Overall symptom scores and quality of life

In terms of the daytime nasal symptom score, the combination therapies of montelukast and either desloratadine (SMD = −0.51, 95% CI, −0.96 to −0.06), levocetirizine (SMD = −0.44, 95% CI, −0.73 to −0.16), or loratadine (SMD = −0.31, 95% CI, −0.56 to −0.05) resulted in statistically significant improvement compared to montelukast monotherapy (Fig. 2). In contrast, the combination with fexofenadine (SMD = −0.10, 95% CI, −0.56 to 0.37) and all antihistamine monotherapies—desloratadine (SMD = 0.30, 95% CI, −0.08 to 0.67), levocetirizine (SMD = −0.07, 95% CI, −0.43 to 0.30), loratadine (SMD = −0.15, 95% CI, −0.42 to 0.12), or fexofenadine (SMD = 0.20, 95% CI, −0.26 to 0.66)—did not show statistically significant differences.

Fig. 2 — SMD, standardized mean difference; Mon, montelukast; CI, confidence interval; Bila, bilastine; DesL, desloratadine; Fexof, fexofenadine; LevoC, levocetirizine; Lora, loratadine.

Regarding the nighttime nasal symptom score, only the combination of montelukast and levocetirizine achieved a statistically significant improvement compared to montelukast monotherapy (SMD = −0.21, 95% CI, −0.37 to −0.05). Other combinations of montelukast and desloratadine (SMD = −0.00, 95% CI, −0.49 to 0.48), fexofenadine (SMD = −0.20, 95% CI, −0.96 to 0.57), or loratadine (SMD = 0.01, 95% CI, −0.14 to 0.17), as well as all antihistamine monotherapies, did not show significant differences.

For the RQLQ outcome, a significant improvement was observed only in the montelukast–levocetirizine combination therapy (SMD = −0.48, 95% CI, −0.93 to −0.03). All of the other combination therapies or monotherapies failed to show any statistically significant benefit when compared to montelukast monotherapy.

Individual symptom domains

In the domain of nasal obstruction, montelukast combined with either desloratadine (SMD = −0.74, 95% CI, −1.27 to −0.22) or levocetirizine (SMD = −0.54, 95% CI, −0.90 to −0.19) showed significant efficacy compared to montelukast monotherapy (Fig. 3). Other treatments, including combinations with fexofenadine or loratadine, as well as all antihistamine monotherapies, did not differ significantly from montelukast monotherapy.

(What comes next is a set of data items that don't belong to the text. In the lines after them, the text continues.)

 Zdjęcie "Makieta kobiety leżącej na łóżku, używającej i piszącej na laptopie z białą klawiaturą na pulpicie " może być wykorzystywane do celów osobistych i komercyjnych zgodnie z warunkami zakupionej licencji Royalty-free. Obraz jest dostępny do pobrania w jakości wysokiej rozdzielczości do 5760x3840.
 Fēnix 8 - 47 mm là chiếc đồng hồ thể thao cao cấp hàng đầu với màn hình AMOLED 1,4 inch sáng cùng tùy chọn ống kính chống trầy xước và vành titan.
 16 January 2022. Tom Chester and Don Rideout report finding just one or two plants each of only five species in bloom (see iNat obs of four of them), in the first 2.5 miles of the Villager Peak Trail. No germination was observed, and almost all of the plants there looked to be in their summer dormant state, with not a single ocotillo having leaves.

Fig. 3 — SMD, standardized mean difference; Mon, montelukast; CI, confidence interval; DesL, desloratadine; Fexof, fexofenadine; LevoC, levocetirizine; Lora, loratadine.

With respect to nasal itching, montelukast combined with desloratadine (SMD = −0.54, 95% CI, −0.99 to −0.09) or levocetirizine (SMD = −0.27, 95% CI, −0.49 to −0.05), as well as desloratadine monotherapy (SMD = −0.55, 95% CI, −0.92 to −0.17), were significantly more effective than montelukast monotherapy. The remaining combination therapies did not demonstrate superiority.

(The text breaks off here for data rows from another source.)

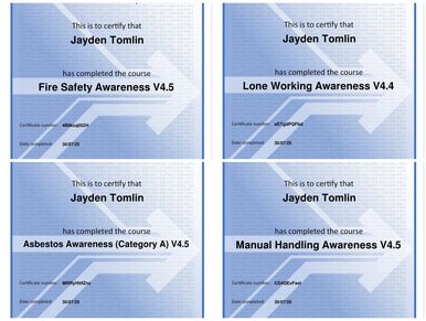 Our team is committed to working safely and responsibly at all times. We have completed recognised training in key areas of health and safety, including:
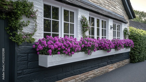 © HERMAWAN, Fototapeta premium Charming flower boxes adorn a stone house facade. Vibrant purple blooms fill the planters, enhancing the exterior
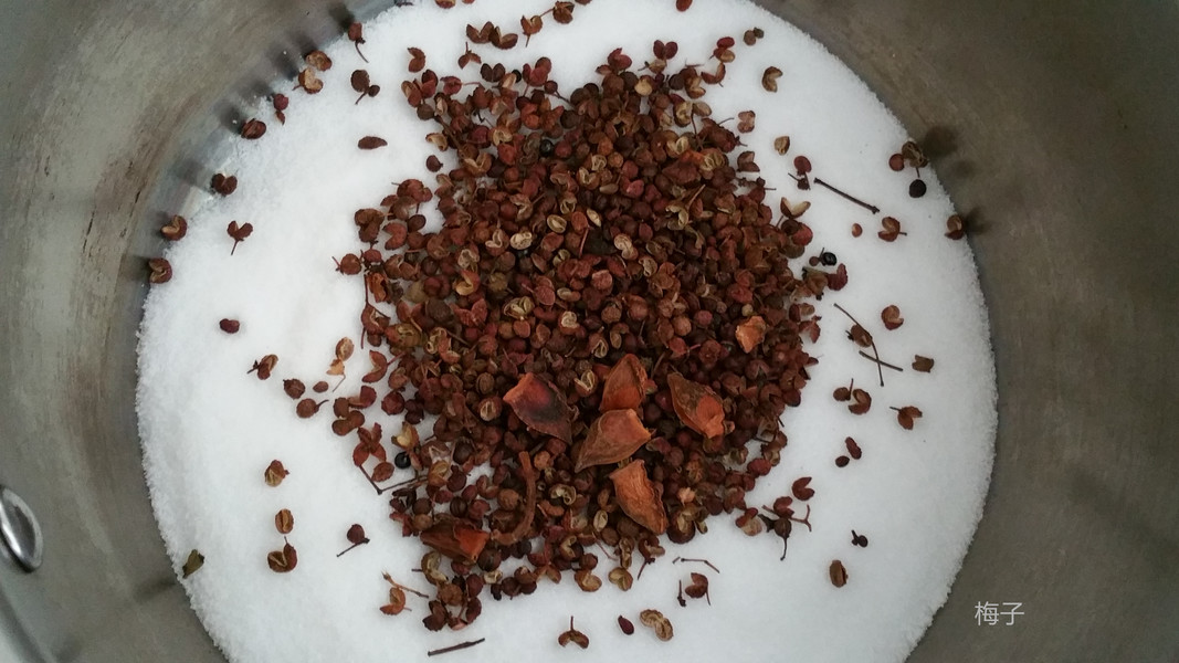 盐和花椒粒,八角放锅里炒出香味。(见下面图示)

In the evaluation of nasal discharge, only the montelukast–levocetirizine combination showed a statistically significant improvement (SMD = −0.64, 95% CI, −1.07 to −0.21) compared to montelukast monotherapy. None of the other treatments, whether combination or monotherapy, showed significant differences.

For sneezing, both montelukast combined with desloratadine (SMD = −0.86, 95% CI, −1.43 to −0.29) and montelukast with levocetirizine (SMD = −0.54, 95% CI, −0.92 to −0.17) demonstrated significantly greater efficacy than montelukast monotherapy. None of the other treatments reached statistical significance.

Regarding eye symptoms, none of the combination or monotherapy regimens showed statistically significant improvement compared to montelukast monotherapy. The wide CI and absence of consistent trends suggest that treatment effects on ocular symptoms may be limited or variable across combination therapies.

Treatment ranking and SUCRA results

The SUCRA-based ranking analysis indicated that all combination therapies generally ranked higher than monotherapies across total symptom scores and RQLQ (Table 2). Among them, the combination of montelukast and levocetirizine consistently ranked at the top for nighttime nasal symptoms, RQLQ, eye symptoms, and nasal discharge (Table 3). Similarly, montelukast combined with desloratadine ranked highest for daytime nasal symptoms, nasal congestion, and sneezing. Although monotherapies such as montelukast, levocetirizine, loratadine, and fexofenadine showed lower rankings in most outcomes, desloratadine monotherapy ranked first for nasal itching, suggesting potential superiority in this individual domain. On the other hand, bilastine combined with montelukast was not included in the SUCRA-based rankings for individual symptom domains due to insufficient direct or indirect comparisons within the network.

Table 2. Ranked probabilities of standardized mean differences for network meta-analysis in daytime and nighttime symptom-summated scores and RQLQ.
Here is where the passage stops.